Add some prevention –be an adult about adultery:
Make a commitment to God’s standards of purity. Regardless of past or present failures, make a commitment to maintain God’s biblical standards. The Bible says that sex is for marriage only – not before marriage, not outside of marriage.
Psalms 119:9, “How can a young man cleanse his way? By taking heed according to Your word.”
Adultery should never be an option. There is no justification for it.

Joseph could have given in. He could have reasoned: “I’m young, attractive, single, I’m in a foreign country, it’s acceptable in this society, she wants it, I desire it, it might help me in my career, I am emotionally scarred, my brothers hate me, sold me into slavery, my mother died when I was young, I’ve had a terrible life, deprived of love – I DESERVE IT!

Instead Joseph turned and ran.
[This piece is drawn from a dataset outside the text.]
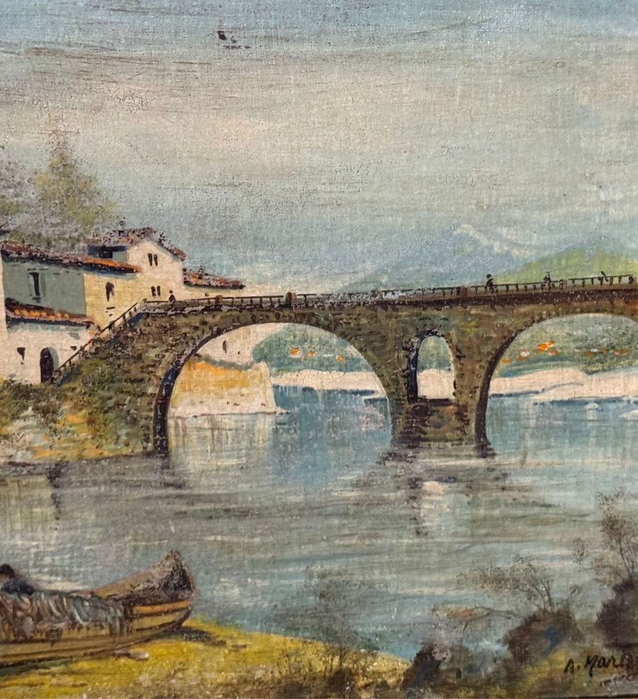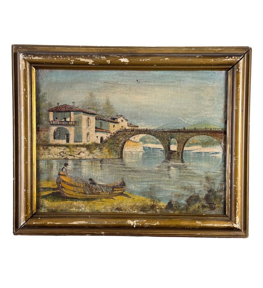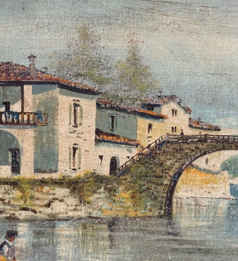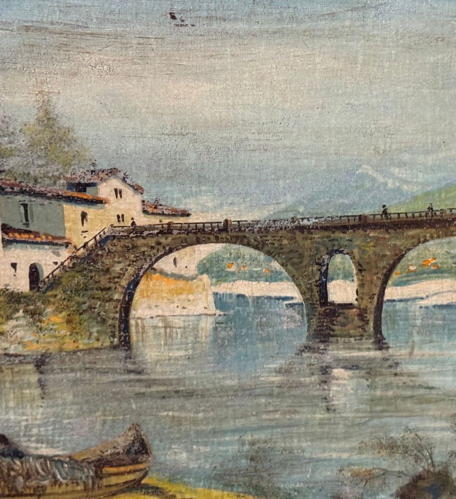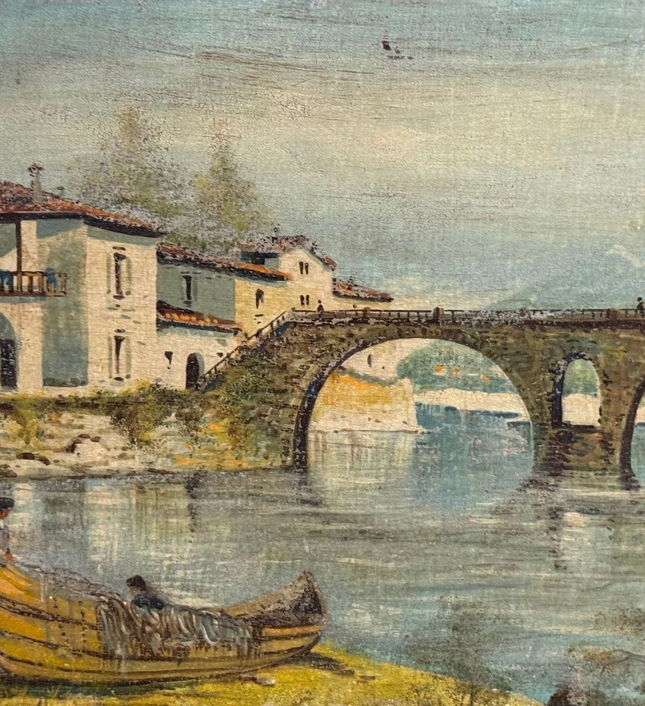 Oil painting on canvas, 19th century, Italian school depicting a river with a bridge. Dimensions including frame: 48x39 cm. Inner frame dimensions: 40x30 cm. Signed at the bottom right by an unidentified artist. Artwork in good condition.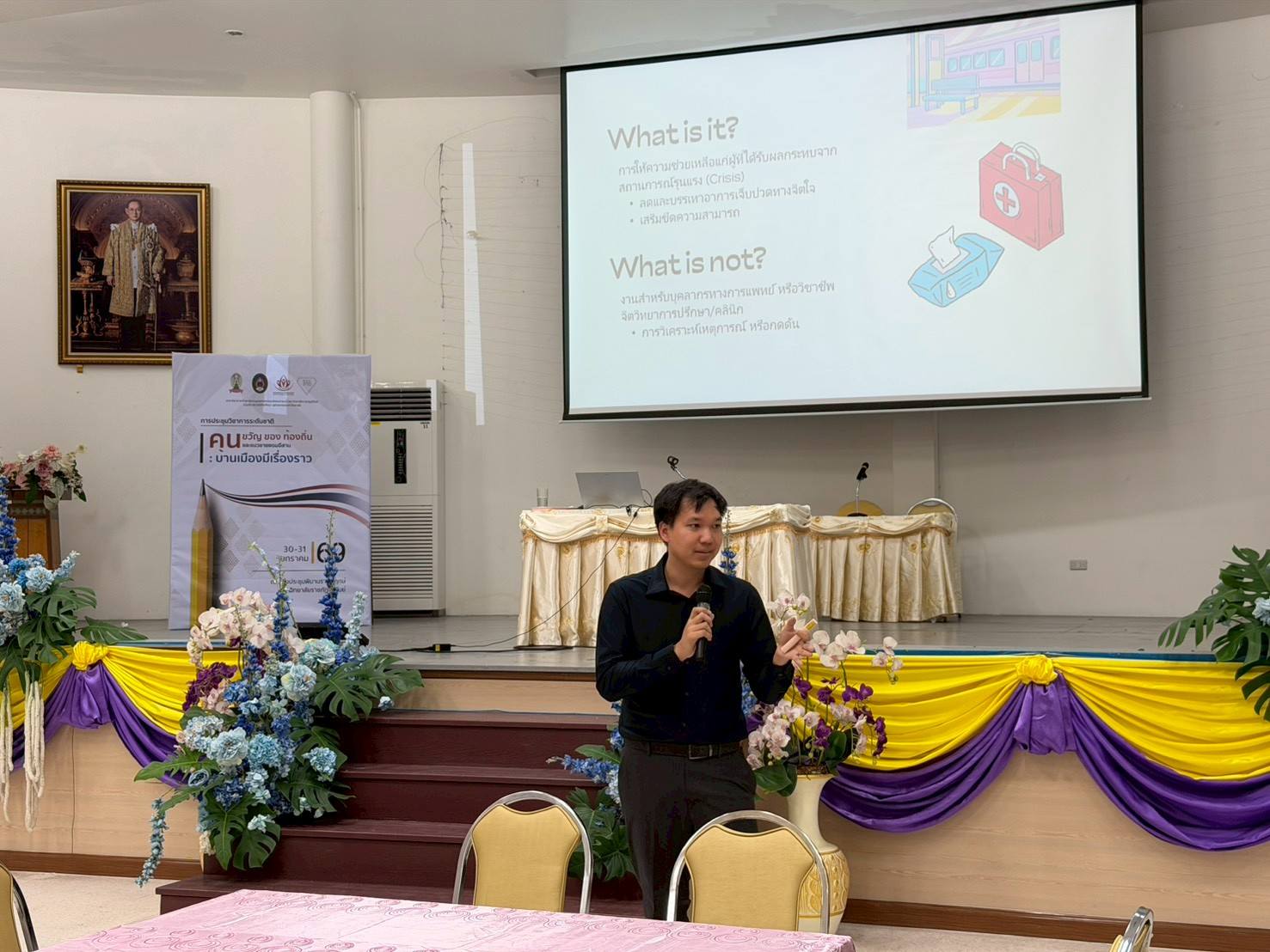ในการนี้ ศูนย์สุขภาวะทางจิต คณะจิตวิทยา มีโอกาสได้ร่วมจัดกิจกรรม “ขวัญเอยขวัญมา การปฐมพยาบาลทางใจ” ให้แก่นิสิต นักศึกษา และผู้เข้าร่วมประชุมวิชาการที่สนใจ

He said, “I will not sin against my God.”
Proverbs says, “Be faithful to your own wife. Give your love to her alone” (5:15). Literally it says, “Drink water from your own cistern, and running water from your own well.”

Make a commitment to God’s standards And Magnify the Consequences.
Remind yourself of the devastation that is caused by sexual sin. The shame never goes away. The sense of loss to everyone is enormous.
Proverbs 6:26 says, “An adulterer will prey upon a man’s precious life, he will be reduced to a crust of bread.”

Here are three reasons to be faithful to your husband or wife: (1) I love Jesus Christ. He said if you love me keep my commandments, (2) I love my wife (or husband) and kids. The thought of hurting them is unbearable to even think of. (3) I fear the judgment of God. The Bible says, “Adulterers and fornicators God will judge” (Heb.13:4).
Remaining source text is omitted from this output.